The Galaxy conceded three goals in the final half-hour of Saturday night's 3-1 loss to the Whitecaps, and there's no doubting the quality of the home team's work – at least on the first two goals – but LA still were angered by miscues that cost them heavily in a game in which they thought, certainly until the first goal, they would prevail.


“I wouldn't say [Vancouver's was] brilliant offense,” head coach Bruce Arena, whose team plays Wednesday at Philadelphia (4:30 pm PT, TWC SportsNet, TWC Deportes, LIVECHAT) and Sunday at New York (10 am PT, ESPN2, ESPN Deportes) said on the club's postgame telecast, “but we got pushed around a bunch of plays in [our] penalty area that created goals. They just outworked us for a couple goals tonight. We didn't have enough players that made the kind of plays that make a difference in a game like this.”


READ: Three Points to LA's loss

There was blame to go around as Russell Teibert took the Whitecaps to a 2-0 advantage with strikes in the 63rd and 76th minutes and Darren Mattocks ended all doubt with a stoppage-time finish. Rookie Greg Cochrane, so good in his first three starts in place of injured left back Todd Dunivant, was outsmarted on all three goals; backline leader Omar Gonzalez got turned around on one, and nobody stepped up on the finale.

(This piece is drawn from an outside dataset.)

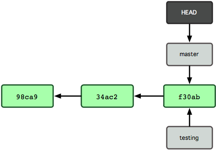 我们知道,git是通过创建一个新的分支指针来创建一个新的分支的。比如,新建一个testing分支,可以使用如下命令:

“We give up that first goal, that kind of deflates us and gives them a lot of momentum, and it really puts a dagger in us,” Gonzalez said. “At that point, they started winning a lot of balls in midfield, and I thought before that we were playing a great game and we were getting tons of chances and we didn't have that killer instinct in our final third.


"They sort of found a way to get their goals, and credit to them for that, but we've got to be better in the final third and also just keep them out of our goal as well.”


Cochrane didn't close space on Teibert on the first goal – he won each of the next two battles with him that followed – and several things conspired to make the second goal possible: Gershon Koffie's turn on a dime taking Gonzalez out of the play, A.J. DeLaGarza's retreat into the goalmouth opening space in the middle, and Cochrane and Juninho ball-watching as Teibert sprinted in to finish.


READ: Arena promises changes after disappointing defeat to Vancouver

“We have to be a little bit more aggressive, push our lines more and not let them get into our final third,” said Gonzalez, who acknowledged he “overcommitted” on the pass to Koffie. “I think we were a little bit tired and not pushing our lines the way they should.”


The last one, with the Galaxy pushed up in search of an equalizer – Gonzalez played forward, more or less, the final 15 minutes – came from a throw-in on the right that LA defended miserably, with Koffie was behind three Galaxy players to receive the ball. He chipped past Cochrane, who was able to then bump Jordan Harvey off the ball but do no more, and Mattocks just turned and finished at the right post. Arena called it “ridiculous.”


“Everything is a learning process,” Gonzalez said. “We're still early, we're doing a lot better than we were last year, so we know that we just have to start doing better and turning things around.”